-- Information shown follows --

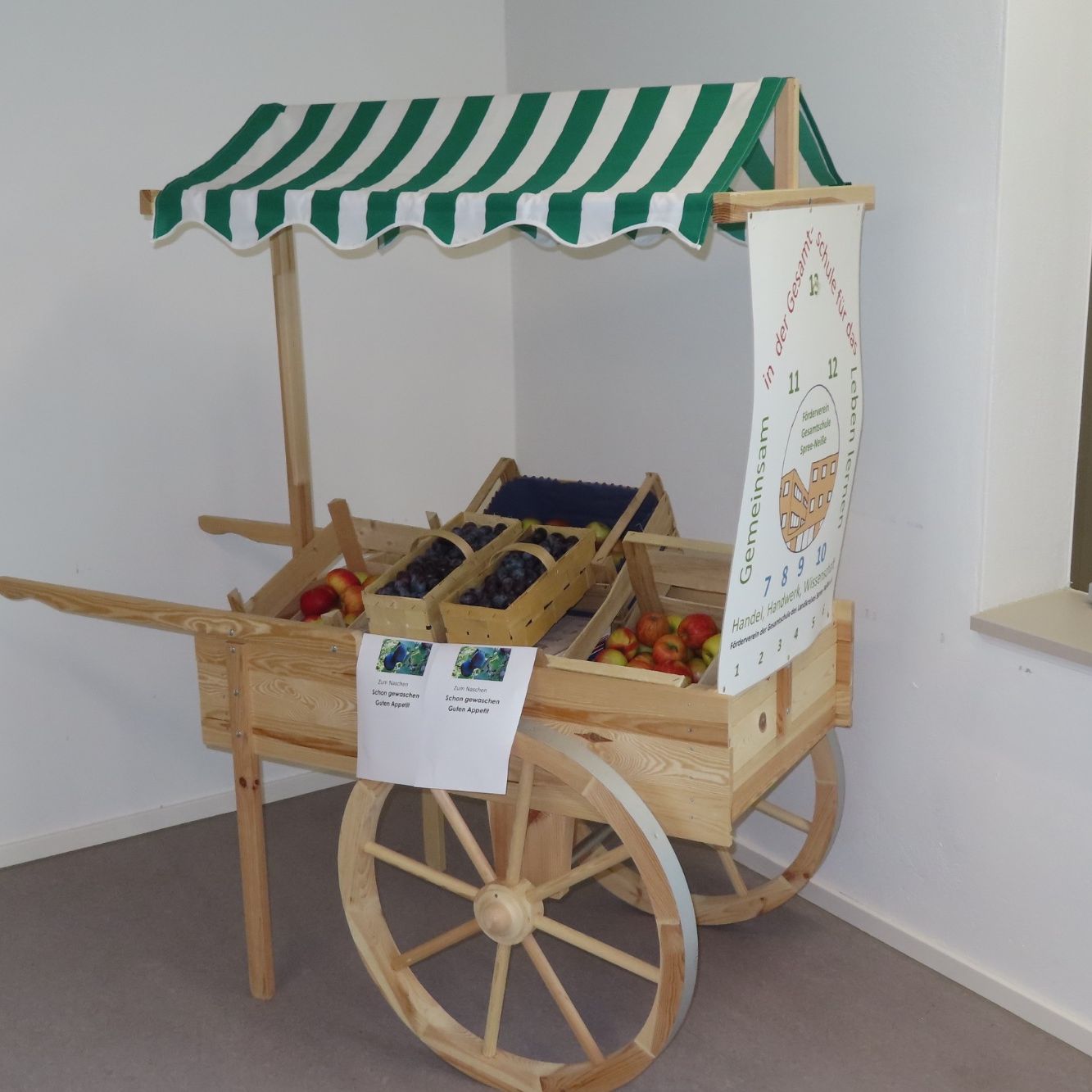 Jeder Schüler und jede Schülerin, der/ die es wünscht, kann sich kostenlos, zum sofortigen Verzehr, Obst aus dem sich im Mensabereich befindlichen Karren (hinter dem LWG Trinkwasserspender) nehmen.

-- Information shown concluded --
-- Information shown follows --

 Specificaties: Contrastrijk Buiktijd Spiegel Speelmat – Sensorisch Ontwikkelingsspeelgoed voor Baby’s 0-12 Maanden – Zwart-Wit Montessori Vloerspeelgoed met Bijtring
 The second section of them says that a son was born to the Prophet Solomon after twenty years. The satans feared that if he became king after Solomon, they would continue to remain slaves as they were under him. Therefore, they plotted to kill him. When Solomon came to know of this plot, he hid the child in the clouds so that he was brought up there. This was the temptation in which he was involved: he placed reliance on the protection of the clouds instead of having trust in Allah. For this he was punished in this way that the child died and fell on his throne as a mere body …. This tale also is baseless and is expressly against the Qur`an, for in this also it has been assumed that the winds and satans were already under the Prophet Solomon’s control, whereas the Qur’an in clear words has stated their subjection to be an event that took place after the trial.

-- Information shown concluded --

» Work request: In the listing above, find the line with "Specificaties: Contrastrijk Buiktijd" and the line with "The second section"; output exactly those lines and all lines between them.

» Task solution:
 Specificaties: Contrastrijk Buiktijd Spiegel Speelmat – Sensorisch Ontwikkelingsspeelgoed voor Baby’s 0-12 Maanden – Zwart-Wit Montessori Vloerspeelgoed met Bijtring
 The second section of them says that a son was born to the Prophet Solomon after twenty years. The satans feared that if he became king after Solomon, they would continue to remain slaves as they were under him. Therefore, they plotted to kill him. When Solomon came to know of this plot, he hid the child in the clouds so that he was brought up there. This was the temptation in which he was involved: he placed reliance on the protection of the clouds instead of having trust in Allah. For this he was punished in this way that the child died and fell on his throne as a mere body …. This tale also is baseless and is expressly against the Qur`an, for in this also it has been assumed that the winds and satans were already under the Prophet Solomon’s control, whereas the Qur’an in clear words has stated their subjection to be an event that took place after the trial.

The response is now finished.